私も最初は随分と悩んだ上での決断でした。私と同じくお子さんへの投薬に悩む方は多いと思いますので、一つの事例として我が家の経験談をお話ししたいと思います。
娘はADHDと自閉症スペクトラムの診断を受けています。多動と衝動、不注意があり、4歳で診断された時には親子ともども疲弊しきった状態でした。そこを緩和するべく、最初にリスペリドンという抗精神病薬の投与を勧められました。興奮を抑え、刺激の受けやすさを和らげてくれる薬です。
診断がついてまだ間もない頃でしたので、私もほとんど知識がなく、子どもに飲ませてよいものかどうか、随分と悩みました。ネットで調べると依存症や怖い話がたくさん出てきます。10年以上前なので今のように発達障害に対して正確な医療情報がネット上に少なかった時代でした。主治医の先生は私の不安に一つひとつ答えてくれ、無理に勧めることもなく、時間をかけて現在でわかっていることを正確に教えてくれました。
もちろんお薬ですので、どんなものでも絶対安全はありません。胃薬だろうが痛み止めだろうが、場合によっては副作用、まれに重篤な副作用が起きる可能性もあります。主治医に何度も相談しながら半年くらい考えた末、娘に薬を飲ませることにしました。
最大の理由は娘の飛び出しです。衝動性の高い娘は道を歩いていても、車道側に気になるものがあれば(たとえば草花)、何も見ないでいきなりとんで行きます。頭で考えればそれが危険であることは知っています。車にひかれたらどうなるかも知っています。それでもその瞬間は気になるもののことで頭が埋め尽くされ、飛び出てしまうのです。
外を歩くときは常に手をつないでいたので引っ張り戻すことが出来ていましたが、一生そういうわけにもいきません。何度も何度も話して聞かせましたが、なかなか自分で抑えきれません。就学を控えて、これではいつか事故にあってしまう。下の子の幼稚園と時間が微妙にずれていることもあり、毎日の送り迎えが不可能でした。

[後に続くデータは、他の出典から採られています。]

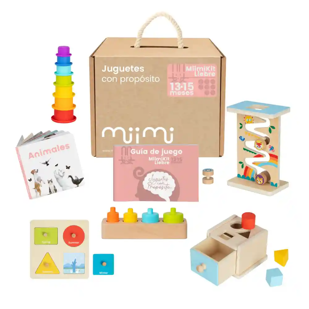 Kit de Juguetes MiimiKit Liebre 13 a 15 meses. El Kit de Juguetes MiimiKit Liebre está pensado para bebés de 13 a 15 meses. Inspirado en un adorable liebre, este set incluye juguetes que fomentan el desarrollo físico y sensorial, la autonomía, la comunicación y el lenguaje. Cada juguete está elaborado con materiales seguros y duraderos, ideales para las manos y la exploración de tu bebé. Los colores vibrantes, texturas variadas y sonidos atractivos están diseñados para capturar su atención y mantenerlo entretenido mientras aprende y crece. Además, este kit ayuda a promover la concentración, la creatividad y la memoria. Convierte cada momento de juego en una oportunidad de aprendizaje y diversión con MiimiKit Pulpo, el compañero perfecto para los primeros grandes descubrimientos de tu bebé.
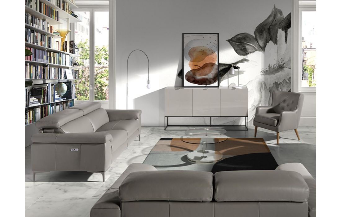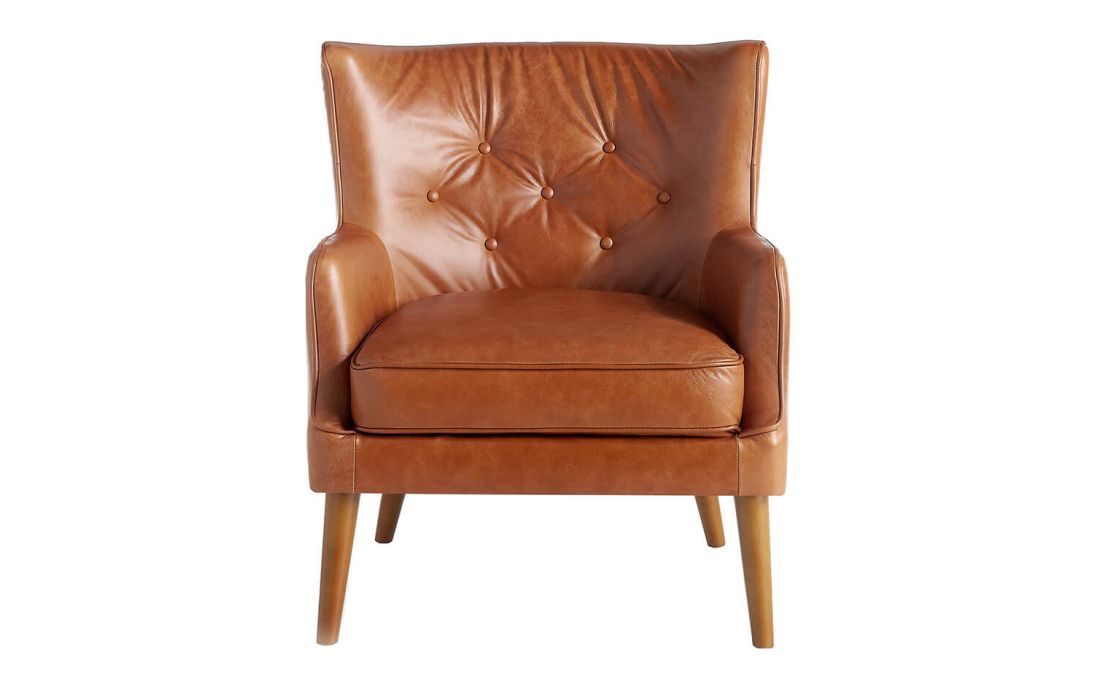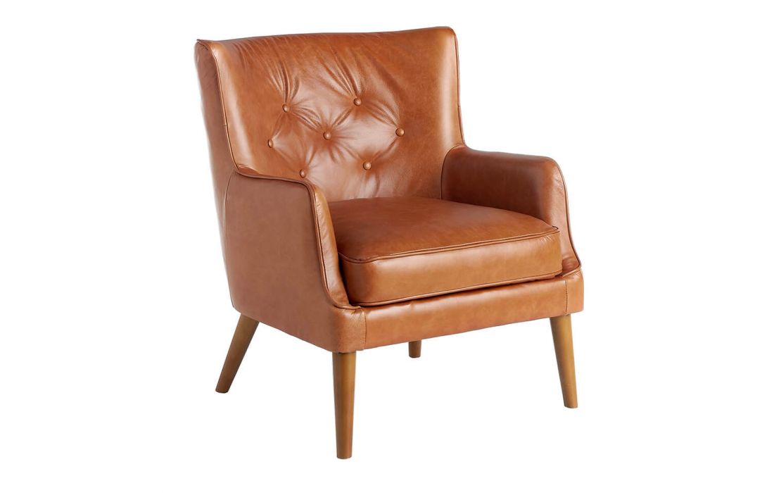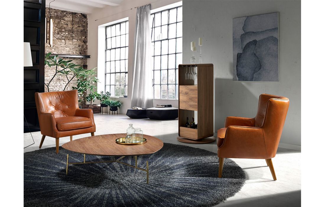 Confident armchair upholstered in leather. Internal structure in pine wood and structure of the legs in solid ash wood in walnut color.

薬によって衝動性や授業中の多動を抑えられれば、座っている苦痛も和らげられるかもしれない。そう思って投薬に踏み切りました。リスクもあるかもしれないけれど、娘の命には代えられません。そうして4歳から、娘の頭の中の刺激の受けやすさを静かにしてくれるリスペリドンと、6歳からADHD治療薬(メチルフェニデート塩酸塩徐放錠)を飲むことになりました。
発達障害は生まれつきの脳のタイプ、性質ですので、薬を飲んだからといって治るものではありません。痛み止めやアレルギーの薬のように、効いている間は症状を抑えるというものです。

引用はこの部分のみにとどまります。